You could have dropped oof #3 in Co when you were in the area......


----------



## m_ice (Aug 12, 2012)

I'm guessing the 15 is the only fleet flex?


----------



## cwren2472 (Aug 15, 2014)

m_ice said:


> I'm guessing the 15 is the only fleet flex?


They all would be - only the 15 would actually be called fleet flex as they only introduced the term when they started using the 2 plug wiring on the straight blades but they are still the same wiring


----------



## plow4beer (Nov 16, 2016)

cwren2472 said:


> They all would be - only the 15 would actually be called fleet flex as they only introduced the term when they started using the 2 plug wiring on the straight blades but they are still the same wiring


yes


----------



## plow4beer (Nov 16, 2016)

BUFF said:


> You could have dropped oof #3 in Co when you were in the area......


for the right price I suppose I could deliver to CO....in addition to costing you a night of Ol Chubs & oysters


----------



## gnarlydude (Nov 29, 2010)

Pm me please. I live in Springfield.

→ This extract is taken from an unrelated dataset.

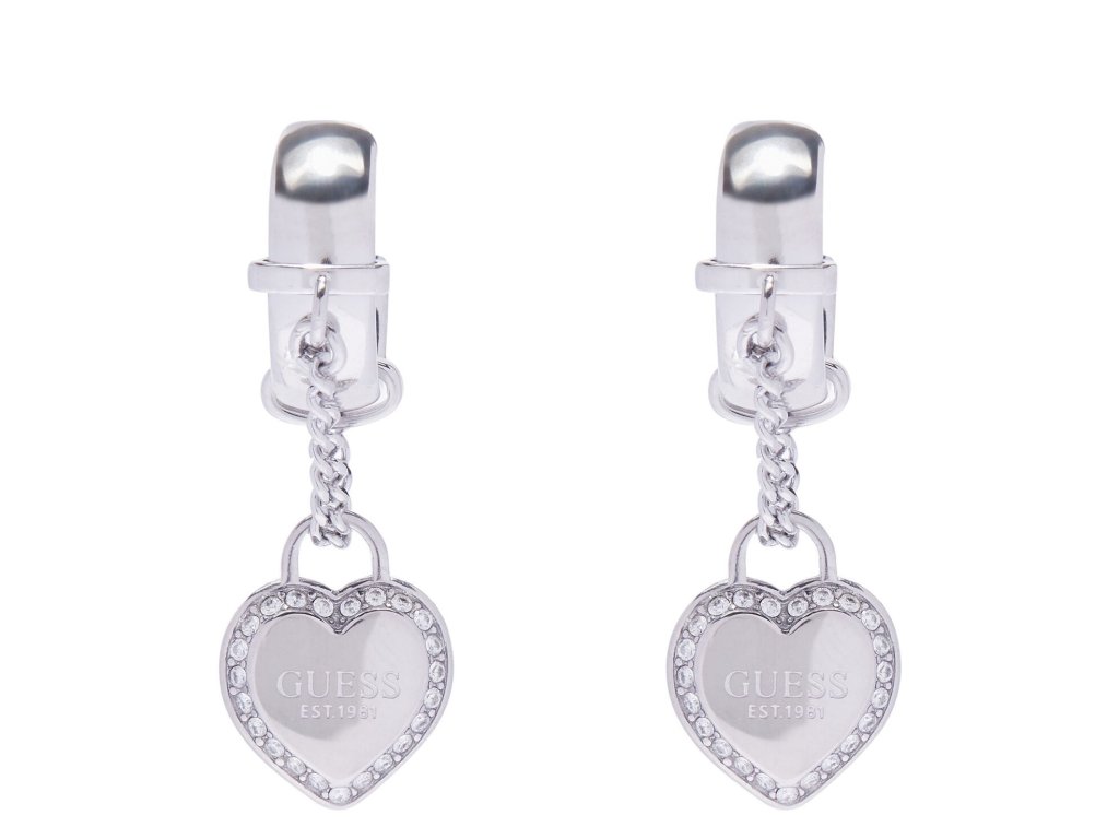 Dámske náušnice Guess JUBE01424JWRHT/U z chirurgickej ocele ponúkajú elegantný look, ktorý neostane bez povšimnutia. Strieborné krúžky sú doplnené o visiace ozdoby v tvare srdiečka. Tie sú spájané jednoduchou štýlovou retiazkou. Srdiečkové prívesky po ich obvode obohacujú drobné kryštáliky a v strede samotný názov značky.

Serious buyer.


----------



## plow4beer (Nov 16, 2016)

For a buyer that takes 2 of the 3, I’ll throw in spare/extra little odds & ends I have laying around that go with western/wideout Plows - (wing edges/hardware/plow shoes/etc)...honestly not sure what all I have, but some of it’s brand new, & some used


----------



## plow4beer (Nov 16, 2016)

someone should buy 2, that way I can throw some free stuff in the deal, and get more stuff off my shelf


----------



## Mark Oomkes (Dec 10, 2000)

Any special wing edges get thrown in?


----------



## plow4beer (Nov 16, 2016)

Mark Oomkes said:


> Any special wing edges get thrown in?


its a possibility...I do have a few extra sets of edges. Some factory, some custom UHMW...I might also have some raw pieces laying around, someone could cut they're own out of. I know I have scrap pieces of urethane, as well as UHMW, just not sure Exactly what (or how much) I have left.

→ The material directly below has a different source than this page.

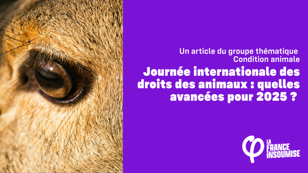 Dans le monde, la condition animale évolue lentement. La question du droit à la vie et au bien-être des animaux reste posée, surtout en ce qui concerne les animaux d’élevage, ceux utilisés pour l’expérimentation animale et les animaux sauvages. Dans le cadre de la 6e République, la France insoumise propose de constitutionnaliser le droit des animaux à être protégés, mais aussi la fin de l’élevage intensif et de toutes les pratiques cruelles qui y sont liés, la diminution de 50% de la consommation de protéines animales, la fin des pratiques de chasse et de pêche cruelles,  la préservation des espèces animales sauvages, la protection des animaux dits de compagnie et une cohabitation pacifique avec les animaux liminaires.

btw, 2 of the plows have "speshul" wing edges on them already


----------



## Mark Oomkes (Dec 10, 2000)

plow4beer said:


> its a possibility...I do have a few extra sets of edges. Some factory, some custom UHMW...I might also have some raw pieces laying around, someone could cut they're own out of. I know I have scrap pieces of urethane, as well as UHMW, just not sure Exactly what (or how much) I have left.
> 
> btw, 2 of the plows have "speshul" wing edges on them already


Wow!!!


----------



## plow4beer (Nov 16, 2016)

Someone come buy these things....I need money for beer and guns


----------



## m_ice (Aug 12, 2012)

I'll trade you a 8.5 vee with wings for 1


----------



## plow4beer (Nov 16, 2016)

m_ice said:


> I'll trade you a 8.5 vee with wings for 1


thanks, but I'm trying to get rid of snow related items.


----------



## plow4beer (Nov 16, 2016)

bump


----------



## Mark Oomkes (Dec 10, 2000)

plow4beer said:


> bump


You're in Michigan on one of our wonderful roads?


----------



## plow4beer (Nov 16, 2016)

2007 & 2011 plows are sold. Thanks Matt, it was nice meeting you, and good luck this season. 

as I mentioned previously in this thread, once 2 of the 3 sold I had listed, I’d be holding on to the 3rd....thanks for playing


----------